Next, we compared our classification with the traditional classification. Previously, shrimp hemocytes have been divided into three major types: hyalinocytes, semi-granulocytes, and granulocytes based on morphological criteria and functional properties (Söderhäll, 2016). Recently, these three major types were separated using cell sorting or Percoll density gradient centrifugation and their marker genes were identified and validated using qPCR (Sun et al., 2020; Yang et al., 2015). Here, we analyzed the distribution of previous published marker genes: for hyalinocytes—lysosome membrane protein2 (LIMP2, ncbi_113826216), tubulin beta chain (TUBB4B, ncbi_113826677), dipeptidyl peptidase 1 (CTSC, ncbi_113824311), transglutaminase 1 (TGM1, ncbi_113823934) (Figure 4A, Figure 1—figure supplement 2C); for semi-granulocytes—beta-arrestin-1 (ARRB1, ncbi_113804686), ADP-ribosylation factor 6 (ARF6, ncbi_113820333), lysozyme (Lyz1, ncbi_113802295), Penaeid-3a (PEN-3, ncbi_113808997) (Figure 4B, Figure 1—figure supplement 2A and B); and for granulocytes—clone ZAP 18 putative antimicrobial peptide (CRU, ncbi_113801825), phenoloxidase-activating factor 3 (PPAF3, ncbi_113800184), phenoloxidase 3-like (PPO3, ncbi_113827090), peroxinectin (Pxt, ncbi_113820150) (Figure 4C, Figure 2—figure supplement 1C). Hyalinocyte marker genes were highly expressed in PH1, PH2, MH1, and MH2 groups (Figure 4A and D). Semi-granulocyte marker genes were highly expressed in GH2 and MH2 groups (Figure 4B and D). These data are consistent with previous observations that hyalinocytes contain both proliferating progenitors and phagocytic cells (Söderhäll, 2016). It also explained the observation of phagocytic activities in semi-granulocytes in some studies (Sun et al., 2020). The granulocyte marker genes were consistent with our observations and were highly expressed in GH2 (Figure 4C–D), which indicates that granulocytes are indeed the largest cell-type with internal condensed granules (Söderhäll, 2016).

Comparison between the traditional classification and the classification in this study.

(A) Dot plot showing corresponding expression of previously reported hyalinocyte marker genes in eight subclusters. (B) Dot plot showing corresponding expression of previously reported semi-granulocyte marker genes in eight subclusters. (C) Dot plot showing corresponding expression of previously reported granulocyte marker genes in eight subclusters. The color indicates mean expression, and dot size represents the percentage of cells within the cluster expressing the marker. (D) A proposed model for comparison between two classifications. The hyalinocyte, semi-granulocyte, and granulocyte were labelled on the t-SNE map with red, brown, and blue circles, respectively.

Discussion

Innate immune cells play an important role in the adaptation of animals to complex and volatile environments. Their ability for fast response protects animals from various pathogenic invasions.
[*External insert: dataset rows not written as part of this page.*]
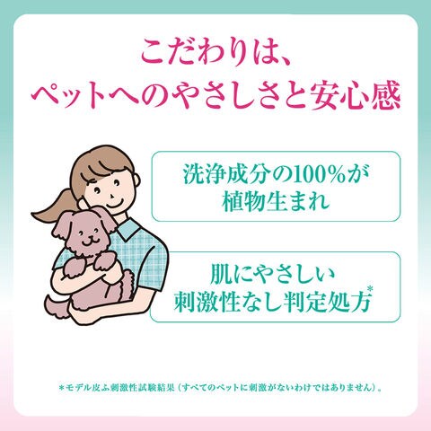 | 特長 | ●手早く洗えて、ふんわりなめらかな被毛に仕上げる犬猫用のリンスインシャンプーです。 ●きめ細かいクリーミィな泡で、肌への負担も少なく手軽にシャンプーできます。 ●汚れ・ニオイをスッキリ落とします。 ●洗浄成分の100%が植物生まれです。 ●肌にやさしい刺激性なし判定処方*1です。 ●シルクプロテイン配合、華やかなフローラルブーケの香りです。 *1.モデル皮ふ刺激性試験結果(すべてのペットに刺激がないわけではありません)。 |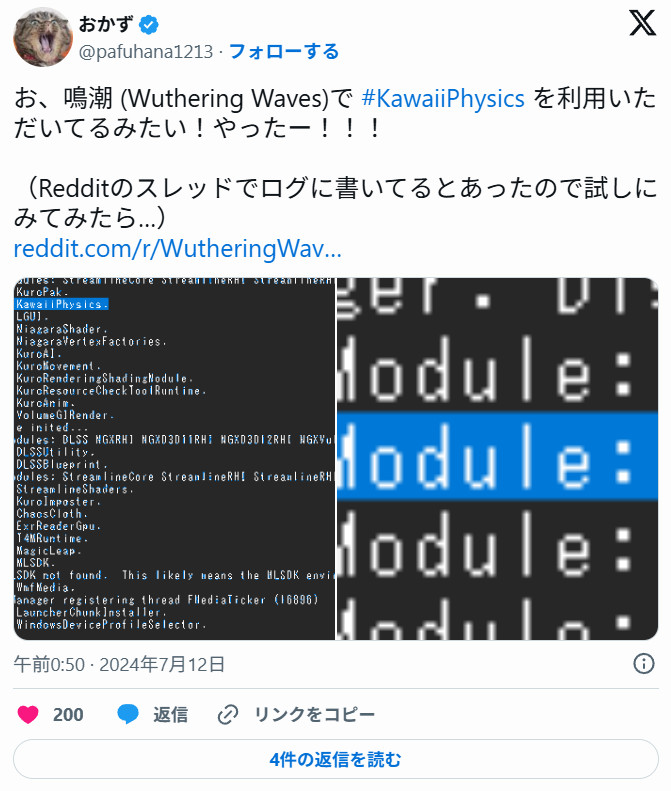这套头发的物理系统,很可能是使用了名为“KawaiiPhysics”的插件,该插件的作者“おかず”曾就职于Epic Games,现在是出于兴趣进行开发。作者本人也在X上发过推文,所以头发的动态表现很大概率要归功于“KawaiiPhysics”。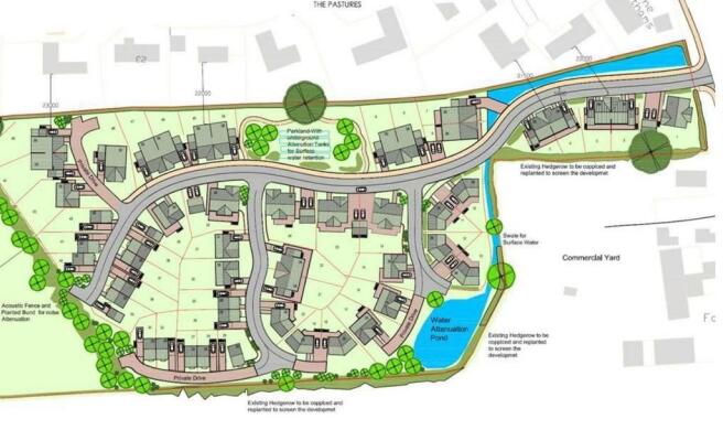 The site has outline planning consent for up to 50 units. A proposed site plan has been submitted to the planning department, providing a mixed scheme of 2 bedroom semi detached and terrace houses, 3 bedroom semi detached and detached houses and bungalows, 4 & 5 bedroom detached houses. The gross floor area of the current scheme is circa 70,000 sq.ft (700 m.sq)
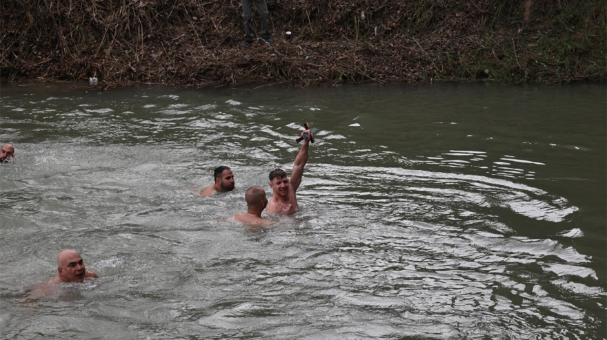 Στα νερά του λιμανιού έπεσαν 50 κολυμβητές για να πιάσουν το Σταυρό.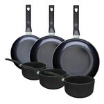 Ensemble de 3 poêles de 24, 28 et 30 cm et 3 casseroles 16, 18 et 20 cm Fackelmann Brandao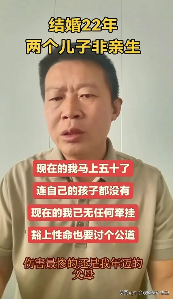 山东淄博一男子与前妻有着22年的婚姻,近日,才发现两个儿子都不是亲生的。两个儿子又分别是前妻与两个男人生的。一个是邻村村支书的,一个是男子堂哥的,男子堂哥是他们村原村支书。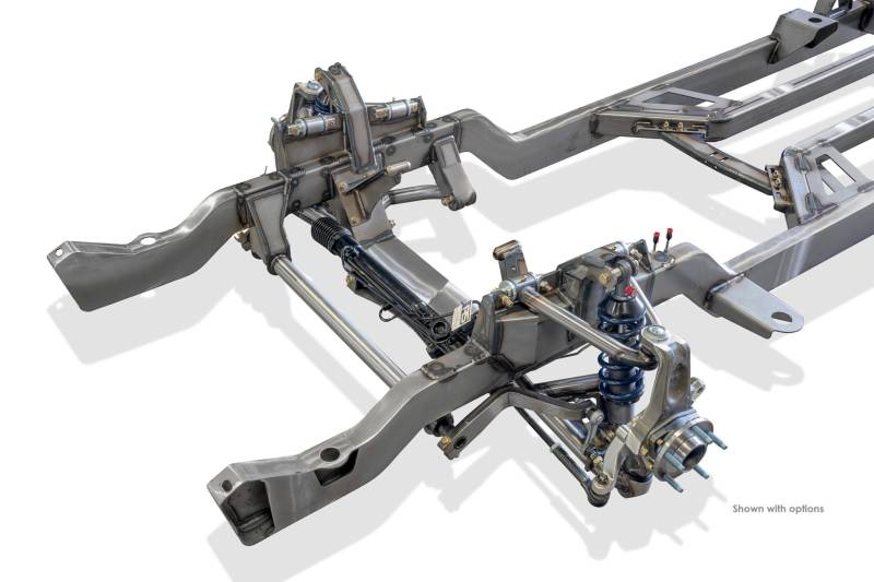 Over 75 individual components make up this all-out performance suspension giving you un-matched proven performance in braking, skid pad, and slalom course, insuring you have what it takes on the street or on the road course. This chassis system utilizes all stock body mounts, bumper mounts, and core support locations for easy installation. The custom fabricated center crossmember and mid brace is designed eliminate flex and twist under heavy acceleration and cornering. Accommodates a full 3″ exhaust and incorporates an adjustable trans mount that works with all of today’s popular transmissions. Out in back the Ford nine inch rear-end and 31 splined axles will defiantly deliver the power to the ground with an optional FAST TRACK Independent Rear Suspension.

However, invertebrates have experienced a long evolution in a diversified environment, which has led to the fact that invertebrate immunity is extremely complex and immune cell typing in various invertebrates seems quite different (Supplementary file 10). Fortunately, proteins seem to have evolved at a much slower rate (Jayaraman et al., 2022), and cell-specific functional proteins are therefore the key to define cell subsets. Thus, in this study, we compared shrimp immune cell marker genes with their human homologs to identify evolutionary traces of innate immune cells between invertebrates and vertebrates (Supplementary file 11). Our data revealed macrophage-like phagocytes in shrimp hemolymph. This group of cells exhibited phagocytic activity. Additionally, Nlrp3 and Casp1, two well-known mammalian macrophage inflammasome components were identified in these cells, suggesting that inflammasome-mediated anti-pathogenic processes might exist in invertebrate innate immunity and play a role in microbial restriction (Wang et al., 2021). NAGA, another enzyme found in macrophages, could inhibit macrophage activation via deglycosylation of macrophage activators (Saburi et al., 2017). The existence of NAGA in shrimp phagocytes implies that this subset of cells might share similar negative regulatory mechanisms recently partially uncovered in vertebrate macrophages (Luo et al., 2022). In addition, VEGF3, a well-known angiogenic factor, was also identified in this subtype (Eswarappa and Fox, 2015). Shrimp have an open circulation system with partial blood vessels; whether this factor plays a role in wound healing needs to be answered by future studies (Söderhäll, 2016).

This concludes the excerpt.